After a delicious lunch, we often feel drowsy. This dip after lunch is known as afternoon apathy syndrome. This is why in Spain, people take siestas or afternoon naps. To make sure that you stay energetic even after lunch, you need to make sure that you take proper care of your body as well as eat a healthy diet to fuel your body for the rest of the day. Inadequate sleep also plays a major role in post-lunch afternoon dips.
Let us take a look at the 10 ways by which you can fight off drowsy feeling and stay focused and energetic even after lunch:
1. Always eat a good breakfast
Have you heard of the saying, ‘Breakfast is the most important meal of the day’? Well, whoever said it knew what they were talking about. Eating a healthy breakfast is important as it keeps your body fueled with nutrients and you also feel less tempted to eat unhealthy foods during lunch time. You stay physically and mentally fit all day.
2. Watch your lunch diet
What you have on your lunch menu makes a huge difference on how drowsy you feel after as it impacts the levels of your energy during afternoon. Opt for fresh and light foods rather than junk or fast food. Junk foods contain sugar, fats, flavor enhancers and preservatives which taste great but do nothing for your body as a fuel.
3. Eat small meals
Instead of gorging yourself in one sitting for lunch, eat small portions throughout the day. This way, you do not feel too full yet your body gets all the nutrients it needs to keep you going for the rest of the day. Rather than ordering pasta, get a small sandwich of your liking made out of whole wheat and maybe, a cup of yogurt that is low fat. It will make a huge difference on how you feel after lunch.
4. Make lunch high-protein and low-carb
When you eat a lunch that is high on carbs, insulin fills your body to process all the carbs you just took in and this makes you drowsy. It is best to avoid sugar, white rice, potatoes, pasta, etc. if you want to stay alert post-lunch.
5. Skip the wine
Many of us like a glass of wine with lunch but experts say that it is best to avoid wine, or beer for that matter. Alcohol is a sedative and it is no surprise that you will feel drowsy even if it is just one small glass with lunch.
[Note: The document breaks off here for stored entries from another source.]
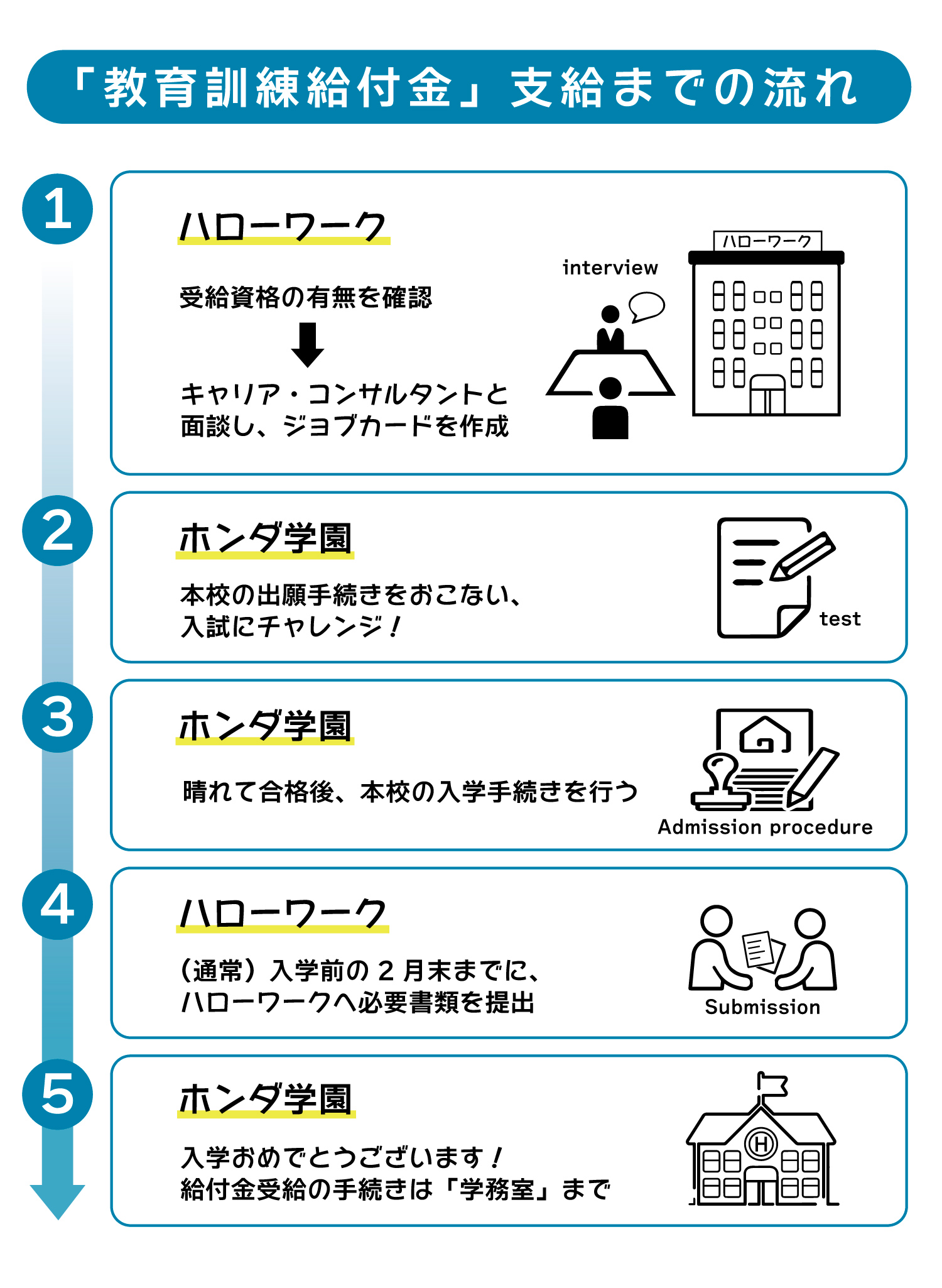 ホンダテクニカルカレッジ関東校のサービスエンジニア学科(2年課程)は、厚生労働省より教育訓練給付金の対象となる「専門実践教育給付金指定講座」に再認定されました。社会人の方・社会人だった方の学び直しに、国(ハローワーク)が支援してくれる制度です。自動車業界で活躍してみたい方は、ぜひこの制度を利用してホンダ学園で二級自動車整備士資格を取得しませんか。
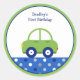 Personalized Green and Blue Car First Birthday Classic Round Sticker
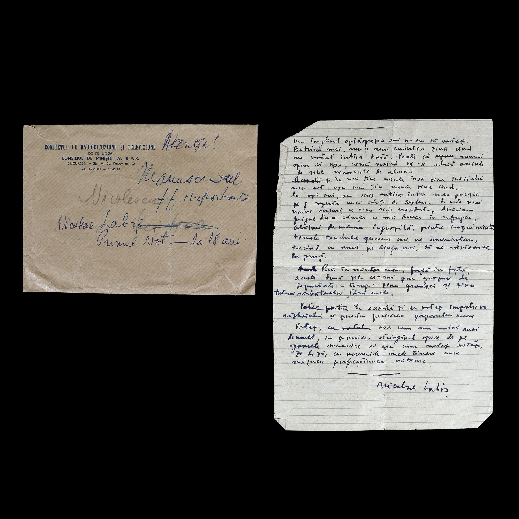 49A. Manuscris "Primul meu vot", de Nicolae Labiș, cu semnătura olografă a poetului, 1953, însoțit de plicul original
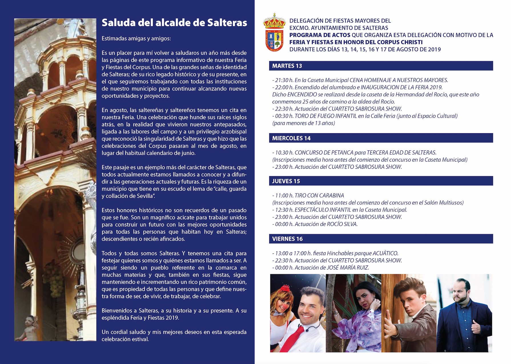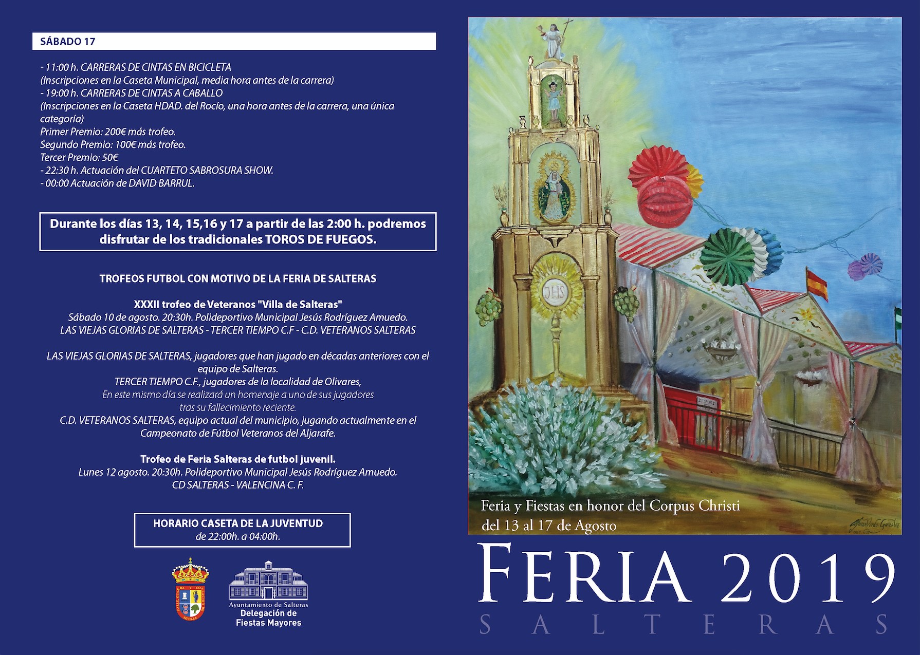 La delegación municipal de Fiestas Mayores viene potenciando en los últimos años las actividades diurnas, que se completan al final de la jornada con espectáculos musicales, así como los tradicionales Toros de Fuego, que recorren el centro de Salteras cada madrugada, del 13 al 17 de agosto, a partir de las 02:00 horas. En la jornada del martes, se celebrará un Toro de Fuego Infantil, a las 00:30, especialmente organizado para menores de 13 años.
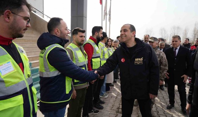 Kahramanmaraş merkezli 6 Şubat depremlerinin yıl dönümünde Iğdır AFAD önündeki fotoğraf sergisini gezen Vali M. Fırat Taşolar, afet ekipmanlarını inceledi ve Iğdır'ın en küçük AFAD gönüllüsü Poyraz Ege ile bir araya geldi.
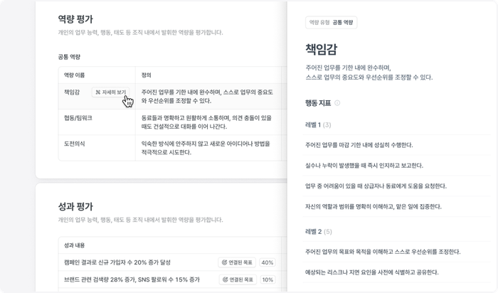 평가 근거가 투명하게 제시되기 때문에 구성원은 결과를 납득하고, 관리자는 피드백의 방향성을 명확히 제시할 수 있습니다.
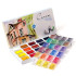 В состав набора входит 24 краски в кюветах: белила цинковые, ганза лимонная, желтая средняя, желтая темная, охра золотистая, оранжевая, красная светлая, карминовая, краплак красный, английская красная, голубая, ультрамарин светлый, синяя, сине-зеленая, фиолетовая светлая, фиолетовая темная, изумрудная, травяная зеленая, зеленая темная, сиена натуральная, сиена жженая, умбра жженая, сепия, сажа газовая.
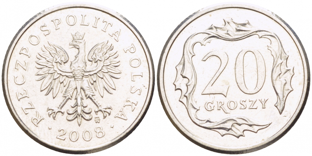 ПОЛЬША 20 ГРОШЕЙ 2008 MW KM 280 медно-никель UNC 4516-1234
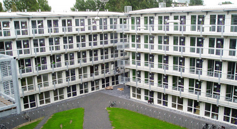 Diemen, near Amsterdam, suffers from a lack of affordable student housing. Tempohousing designed and built this 5-story, 250-unit housing area for students. It took about 12 weeks to assemble all of the units after they arrived.
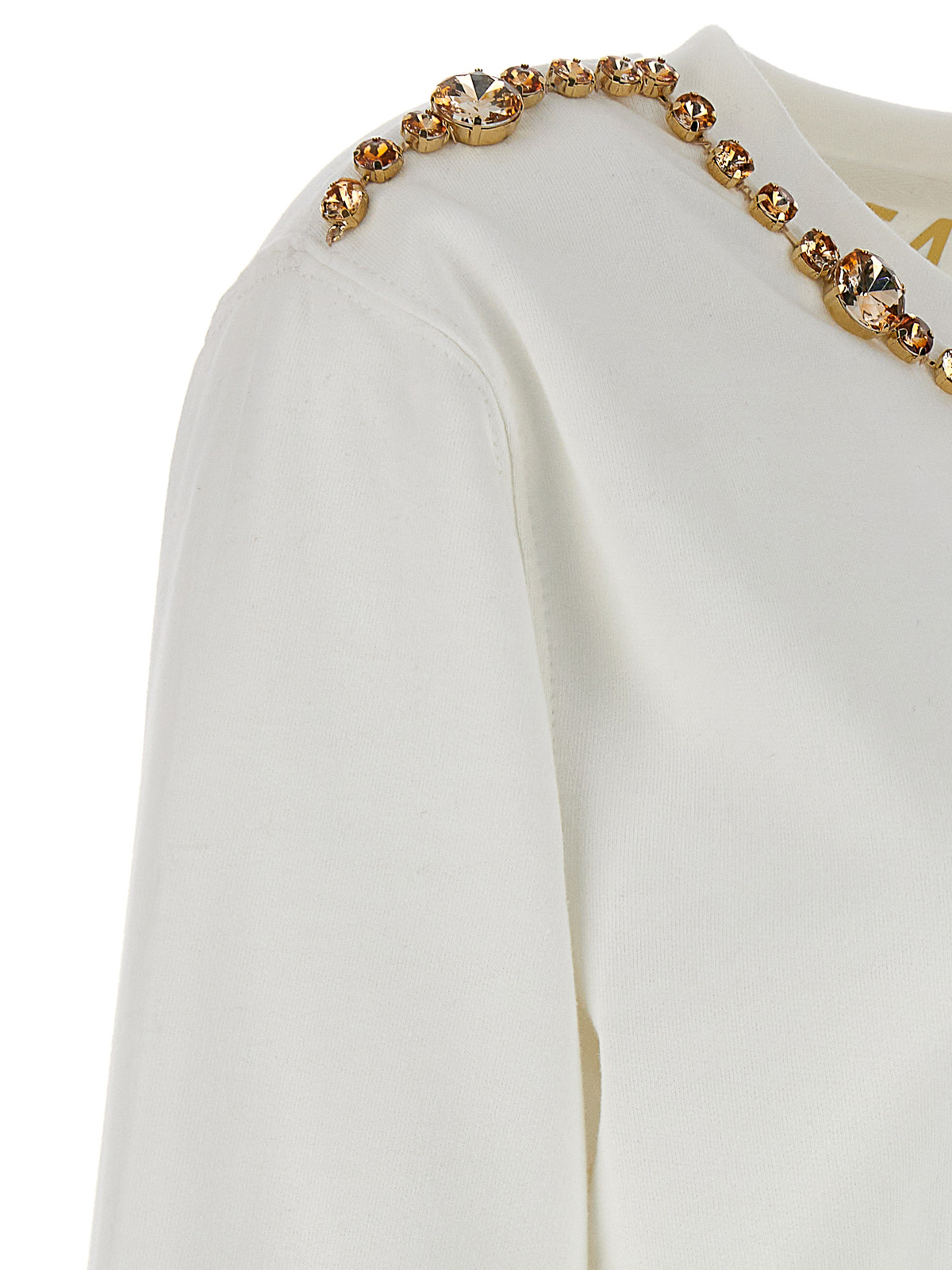 Sudadera Aurora de algodón con cuello redondo, manga larga, puños y detalle de pedrería en los hombros, corte corto
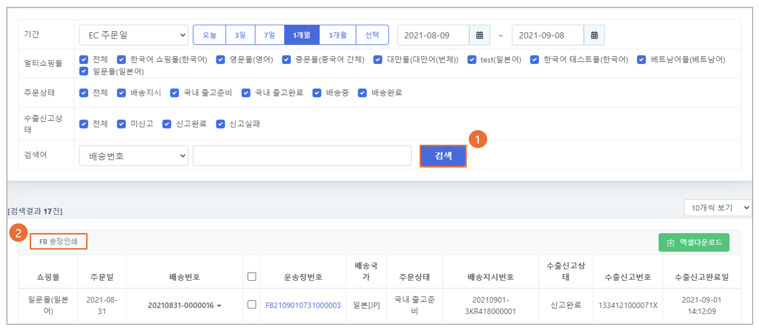 송장 인쇄 | 주문 선택 → [FB 송장인쇄] 클릭 |
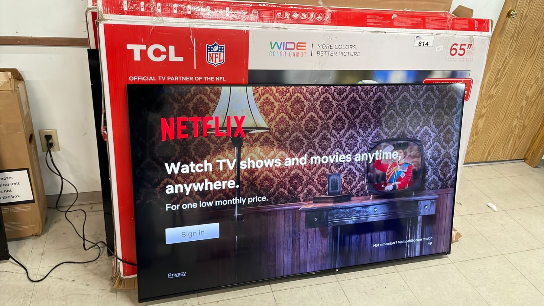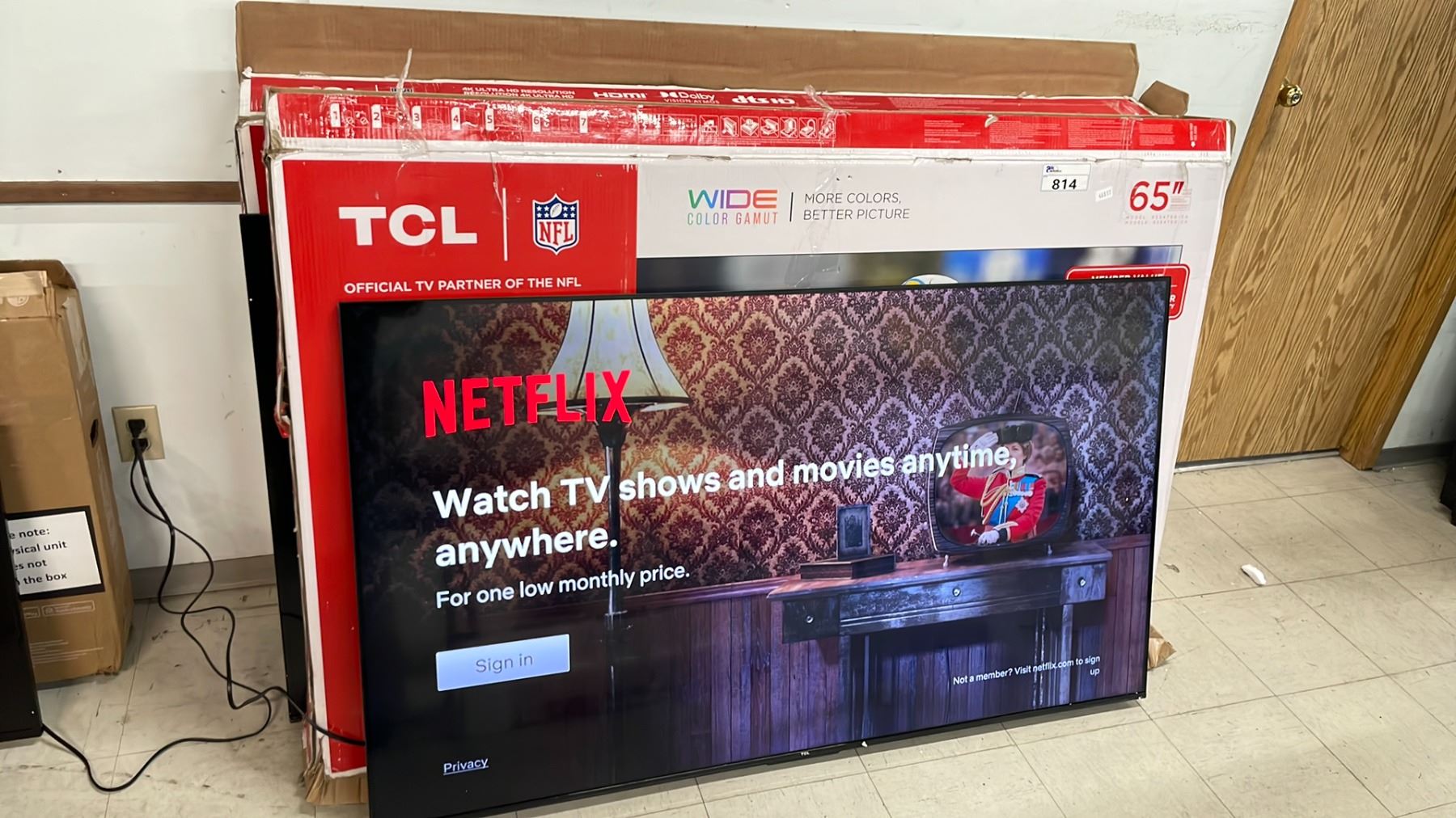 TCL 65S470G-CA 65" 4K ULTRA HD RESOLUTION TELEVISION WITH REMOTE & BOX * NO POWER CORD/ NO LEGS/ DEAD PIXEL LINE *
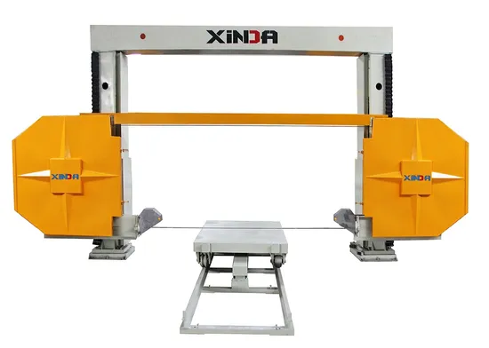 1,KXJ1500 machine has steady structure, including a crossbeam,two upright column,square box,air compressor tensioning unit,two big flywheel. Left side install a driven big flywheel and air compressor tensioning device. tensioning device controls diamond wire tension or loosen, meanwhile keep the diamond wire pressure. Right side install a driving flywheel and main motor, it can control the speed of wire between 0-35m/s via inverter. the machine can cut different kind of stone material.
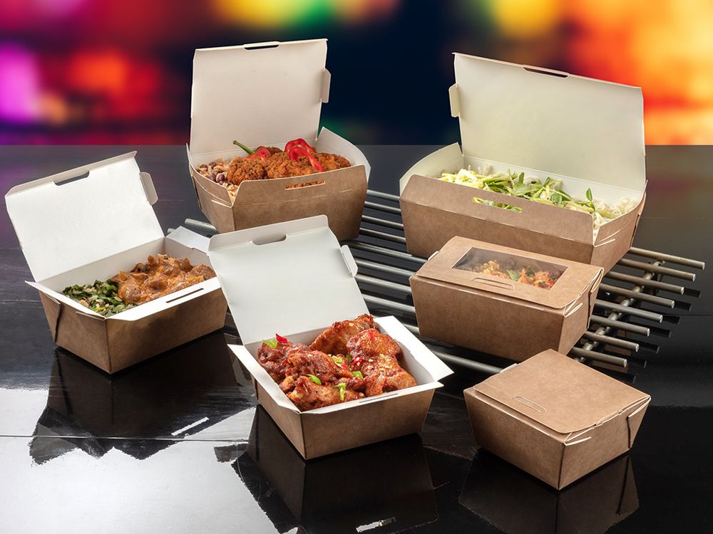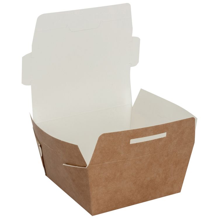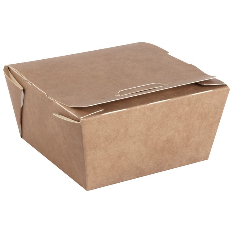 Created from paperboard, these boxes feature an integrated tuck top lid to help prevent spills and leaks and can even be used to reheat food at home.
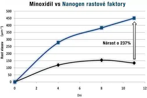 Účinky minoxidilu v porovnaní s účinkami Nanogen rastových faktorov.
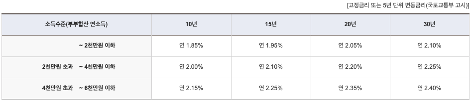 대출금리는 대상의 부부합산 연소득에 따라 아래와 같이 나뉩니다.

6. Drop caffeine after lunch
I know that this will take some getting used to especially since a lot of people use it to stay alert. The fact is that when we depend on caffeine too much, we need to keep drinking more as a cup or two becomes ineffective in helping us keep awake and alert.
7. Hydrate yourself with water
Once you have dropped your coffee intake, replenish your body with water and keep yourself hydrated all day. You are likely to feel less drowsy or fatigued when you supply your body with water.
8. Eat healthy snacks
We all tend to feel a little puckish around mid-afternoon. Although it can be tempting to get a bar of chocolate to snack on, think of the effect it will have on you and opt for a cracker, a wholegrain one if possible, or get a fruit like an apple or a banana instead.
9. Exercise after lunch
When I say this, I do not mean head to the gym and have a rigorous workout session. Light exercises like walking around the corner or taking the stairs can do wonders in keeping drowsiness and fatigue at bay due to the fact that light exercises keep your blood flowing.
10. Get enough beauty sleep
It has already been mentioned that sleep plays a major role in afternoon dips. Doesn’t it make sense that if your body does not get enough rest at night, by afternoon the next day, fatigue will set in? You need to make sure that you get enough sleep every night.
When you follow these suggestions, you will find that you have more energy during the day and post-lunch afternoon dips will be a thing of the past. All you need to do is make sure that you sleep well, eat right and take proper care of your body.